Help out nursing assistants

Three organizations to help students pay tuition for course

Posted: Friday, December 22, 2000

Three Juneau health-care institutions have agreed to help finance the education of much-needed nursing assistants at the University of Alaska Southeast.

"The problem has been that many of the people who most need this training have been least able to afford it," said Gary Bowen, UAS associate dean of faculty.

Nursing assistants help feed and bathe hospital patients or nursing home residents, or people who need care at home. They cannot give medications or assess patients.

Nursing assistants are in demand now and local institutions forecast a growing need as Bartlett Regional Hospital starts to use them, St. Ann's Care Center adds more beds and a growing elderly population hires the assistants at home.

Health-care institutions in Juneau will need about 60 new nursing assistants next year, including filling vacancies from turnover, said Marianne Stillner, who teaches nursing at UAS. The Juneau campus educated 11 nursing assistant students in each of the past two semesters, she said.

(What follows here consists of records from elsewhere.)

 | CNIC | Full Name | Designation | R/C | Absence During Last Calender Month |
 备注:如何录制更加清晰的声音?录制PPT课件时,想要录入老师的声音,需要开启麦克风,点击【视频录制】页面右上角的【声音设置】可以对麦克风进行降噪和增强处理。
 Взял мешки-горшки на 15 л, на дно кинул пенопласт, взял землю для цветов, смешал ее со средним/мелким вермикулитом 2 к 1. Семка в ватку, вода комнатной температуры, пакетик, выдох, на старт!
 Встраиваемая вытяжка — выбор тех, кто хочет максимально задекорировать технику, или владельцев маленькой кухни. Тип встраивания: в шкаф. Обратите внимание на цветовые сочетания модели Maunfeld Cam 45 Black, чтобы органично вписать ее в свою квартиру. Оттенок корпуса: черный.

Officials from Bartlett, St. Ann's and the Juneau Pioneers' Home agreed last week to pay most of some students' tuition for the short course that leads to state certification as a nursing assistant. In exchange, the students would work for a year at the funding institution.

Bartlett also has agreed to pay for a part-time instructor at UAS to handle more students.

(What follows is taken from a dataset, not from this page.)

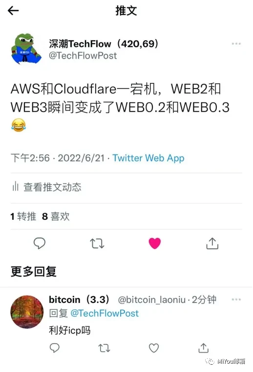 发生在 2022 年 6 月 21 日的国外云服务商 AWS 和 CLOUDFLARE 的故障造成大量Web3.0 项目的中断,有人戏称这些中心化的数据中心一停机,Web3.0 就变成 Web 0.3 了。这也显示出了硬件去中心化的重要性,当前云的基础设施基本都是中心化的。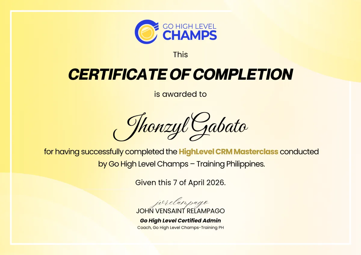 This certification acknowledges my completion of the Go High Level Funnel Building Masterclass, an in-depth training on funnel systems and automation, equipping me with the tools to help businesses scale faster with clarity and confidence.

The scholarships are likely to be about $1,000 of the $1,200 tuition, the institutions' officials said.

"It's not much for us. It's a huge leap for them," said Sheryl Washburn, patient care administrator at Bartlett.

Students also would have to pay about $60 for their books and $210 to take the test for certification. The jobs tend to pay $10.75 to $13.50 an hour, according to the state Department of Labor.

Meanwhile, Juneau-Douglas High School will pay for five students to take the UAS course this spring, using school district funds and a federal vocational education grant.

Heather Klepinger, a high school junior, wants to earn an associate's degree and become a registered nurse. The nursing assistant program at UAS "would be a good jump start," she said, and a good way to see if she wants nursing as a career.

"I was funded through the high school," Klepinger said. "That made it easy for me to decide without having to pay for a lot of schooling."

The Juneau Pioneers' Home intends to offer scholarships to people who now work there as uncertified aides, said administrator Rosemary Gute-Gruening.

"When you invest in someone, you want to have a pretty good idea you'd want them working for you," she said.

St. Ann's Care Center hired about 17 certified nursing assistants last year, said Director of Nursing Services Susan Snippen. It employs about 40 full-time nursing assistants.

"They certainly are at the very heart of what we do in long-term care and elder care, so we staff quite a few," she said.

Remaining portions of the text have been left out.